Williams’s wife notified him that she had filed this divorce action, and he waived formal service. On March 10, 2008, he filed a series of documents with the trial court. The first document was titled Request For a Copy of the Original Petition For Divorce & Submission of Current Financial Status. This document specifically rejected any waiver of making a record or proceeding without notice to him, and it enclosed a printout of his inmate trust account. On the same date, Williams filed his Original Answer, Request for Appointment of Attorney Ad Litem and Motion for Issuance of Bench Warrant; this document included a general denial, a claim of indigence, and a request for appointed counsel.
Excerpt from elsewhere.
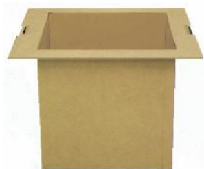
ろだん すみてまえよう JC1131 炉壇(炭点前用)

Williams also asked the court to issue a bench warrant, allowing him to be brought into court for the trial of the case, stating as grounds: (1) he was incarcerated; (2) he wanted to contest the divorce petition to protect his parental rights, to help determine the best interest of his children, and to help counsel with his defense; and (3) he wanted to present his own testimony concerning his allegations of fraud involving community property and community indebtedness. Williams argued he had a right to be present at any proceeding affecting custody of his children, and he asserted the only way he could effectively present testimony concerning the future of his children and defend against fraud was to be present for any hearing on the merits. Williams did request, in the alternative, that the court grant a continuance until his release, or that he be permitted to participate from prison by telephone conference or “other means of participation.” Williams attached his Declaration of Inability to Pay Cost to this filing. Finally, on that same date, Williams filed a letter to the court clerk, asking for information on the status of the case. Williams stated he wanted to urge a “cross complaint” or, if the suit was no longer pending, pursue his own divorce action.
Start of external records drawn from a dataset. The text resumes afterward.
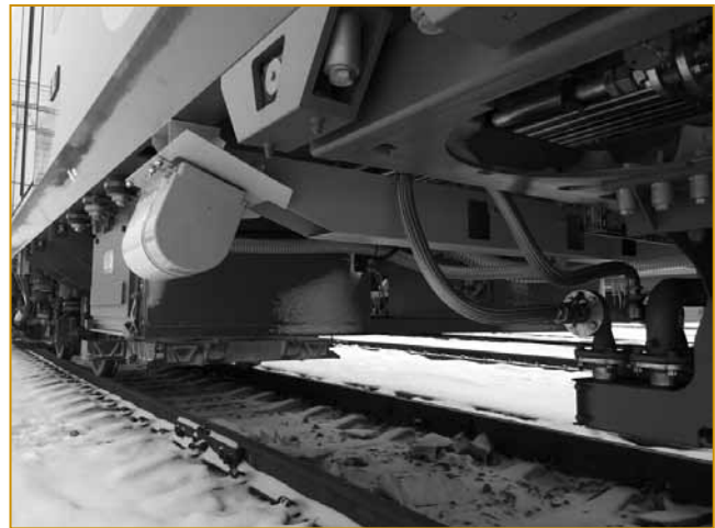
Рис. 5. Система пространственного сканирования

цессе движения. Наиболее важная информация, получаемая в ходе проезда, автоматически пересылается по выделенному радиоканалу заданным потребителям для оперативного принятия управленческих решений.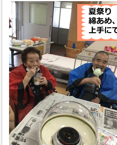
夏祭り 綿あめ、かき氷、金魚すくい 上手にできました！

本日もご利用者様とのお話を大事にしなが、ちょっと普段と違うことを一緒に楽しんでます。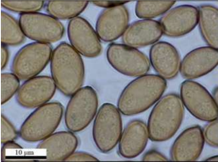
Fig. 6.2. Esporas. Agrocybe rivulosa Nauta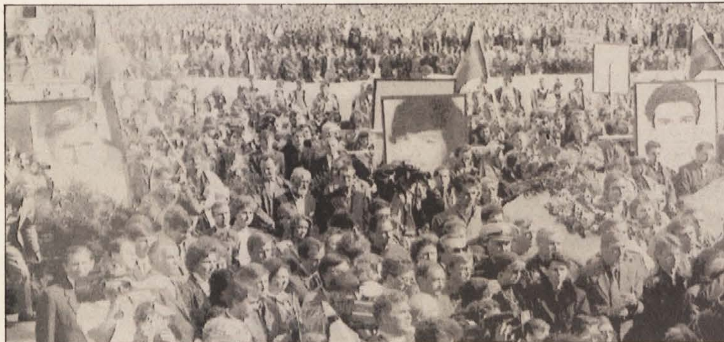
Skoraj milijon ljudi se je udeležilo pogreba treh mladih fantov, ki so s svojimi telesi skušali preprečiti napad tankov na ruski parlament

Pomembno, toda še vedno odprto vprašanje za prihodnost Evrope pa ostaja usoda Jugoslavije. Po zaostitvi mednarodnih spopadov na Hrvaškem se postavlja vprašanje, ali bo konzervativni del te prav tako razpadajoče države doletela usoda po sovjetskem zgledu.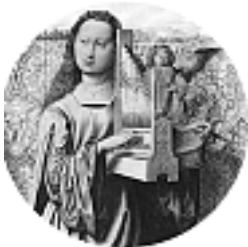
Kath. Kirchenchor „St. Cäcilia“ Hornberg

Two months later, in May 2008, Williams filed his Respondent’s Third Filing to the Original Answer, which sought leave to proceed with the divorce and alleged “a breach of the legal and equitable duty regarding the fiduciary relationship between this couple” was committed by his wife in regard to community property issues. In June, Williams sent a letter to the clerk of court asking again about the status of the case and asking if counsel had been appointed as he had requested.

In July, Williams filed his Statement Concerning Alternative Dispute Resolution. In this filing Williams stated he had received a copy of the proposed divorce decree from his wife. He asserted he was willing to work on resolution of the dispute in good faith, but he sought agreement on proposed changes to the proposed decree. Specifically, he sought to be named a joint conservator; he acknowledged he could not exercise possessory rights while incarcerated, but asked that his mother be allowed to exercise them in his stead. As to division of the estate, Williams sought an accounting of various property including a computer, tools, vehicles, houses, household goods, life insurance policies, and a retirement account. Williams also stressed he did not waive his right to a jury trial, to give testimony, or to make a record of the proceedings.
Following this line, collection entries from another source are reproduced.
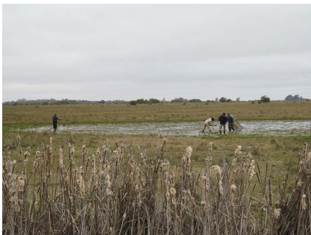
Figura 6. Ambientes temporarios de A. bellottii y A. elongatus ; Punta Indio, Buenos Aires. Agosto 2016.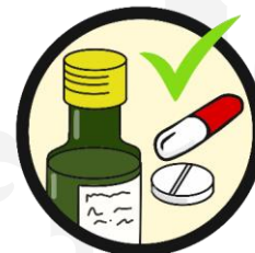
VIPP farmacie Apothekers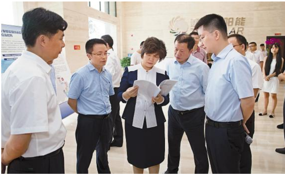
2018年8月24日,国家人力资源和社会保障部副部长、党组成员张义珍视察通威太阳能,高度评价光伏学院发展成果

在打造产品核心竞争力的同时,通威太阳能依托通威大学光伏学院,持续提升团队核心竞争力,从人才培养、机制建立、人均效能提升等多方面发力,打造了一支召之即来、来之能战、战之必胜的通威铁军。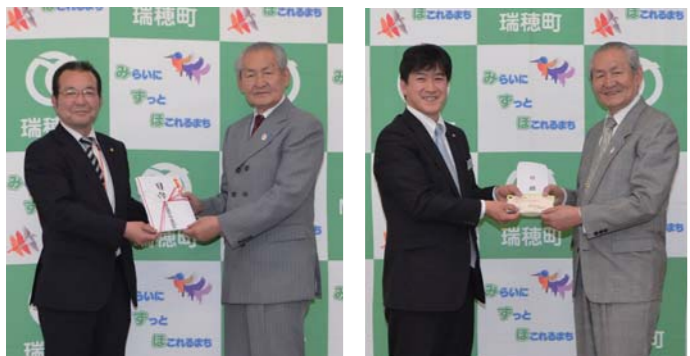
▲車いすの寄付 ▲助成金・テントの寄付

町に、トヨタ西東京カローラより「車いす」が、青梅信用金庫より「あおしん地域文化振興基金助成金」と行事などで使用できる「テント」の寄付がありました。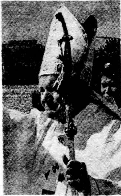
Popiežius Jonas Paulius II sekmadienį meldėsi už abiejų Korėjų susivienijimą.

Popiežius jau anksčiau ne kartą yra minėjęs, kad norėtų aplankyti Sovietų Sąjungą, ir kai žurnalistas lėktuve jo paklausė, ar kelias į Maskvą atviras, popiežius atsakė: „Taip, aš manau, kad situacija palankesnė“, bet pridėjo: „aš negaliu būti pranašas, pamatysime“. Didžioji kliūtis dar nepašalinta — tai Ukrainos Katalikų Bažnyčios legalizavimas. Popiežius yra pareiškęs, kad vyks į Sovietų Sąjungą tik tada, kada galės aplankyti ten katalikus bei kur.

The trial court eventually scheduled the case for pre-trial hearing, first on October 17 and subsequently on October 31. The trial court’s notice for the October 31 hearing required attorneys and pro se litigants to “appear with calendars and be prepared [928]*928to discuss all issues.” The notice reminded parties that mediation was required in all contested cases. And it stated that: “Failure to appear at the pre-trial hearing could-result'in dismissal for want of prosecution or default judgment entered (see Dallas Family Court Local Rule 5.03).” Before both settings, Williams filed a Motion for a Bench Warrant or in the Alternative a Video or Telephone Conference for the scheduled pre-trial conference. He asked the court to take notice of his earlier Statement Concerning Alternative Dispute Resolution, and he asked again for appointed counsel “to balance negotiations” if his wife was represented. Williams asked the court to recognize he was not refusing to appear and that he did not waive his right to jury trial.

On October 31, 2008, the date of the pretrial hearing, the trial court signed the final divorce decree, which stated Williams “waived issuance and service of citation by waiver duly filed and did not otherwise appear.” The trial court’s docket sheet indicates rihéo’pétitiórier appeared in pen-son, but the respondent (i.e., Williams) defaulted. The divorce decree reflects none of Williams’s factual proposals or requests. The decree orders Williams to pay monthly child support of $250.

Williams raises seven issues on appeal. His first issue encompasses the heart of the appeal:
Whether the Appellant’s Constitutional Guarantees of Due Process and Due Course of Law were violated when the trial court did not allow Appellant to appear before a jury and to give testimony in this cause of action.

Williams’s remaining issues flow from this one.1

An Inmate’s Access To CouRT

The trial court did not rule on any of Williams’s motions to appear by bench warrant or by alternative means. However, by signing the final divorce decree without addressing those motions, the trial court implicitly denied them. See In re Z.L.T., 124 S.W.3d 163, 165 (Tex.2003). We review these implicit rulings for an abuse of discretion. Id.

As a constitutional matter, a litigant cannot be denied access to the civil courts merely because of his status as an inmate. Id.; Reese v. Reese, 256 S.W.3d 898, 900 (Tex.App.-Dallas 2008, no pet.). [929]*929That said, an inmate does not have an unqualified right to appear personally at every court proceeding. In re Z.L.T., 124 S.W.3d at 165; Boulden v. Boulden, 133 S.W.3d 884, 886 (Tex.App.-Dallas 2004, no pet.). Instead, when an inmate asks to be physically present for a proceeding, he must provide the trial court with sufficient factual information to allow the court to assess the necessity of his appearing at the relevant hearing. In re Z.L.T., 124 S.W.3d at 166. The trial court then must weigh the inmate’s need for access against the need to protect the integrity of the judicial system. Id.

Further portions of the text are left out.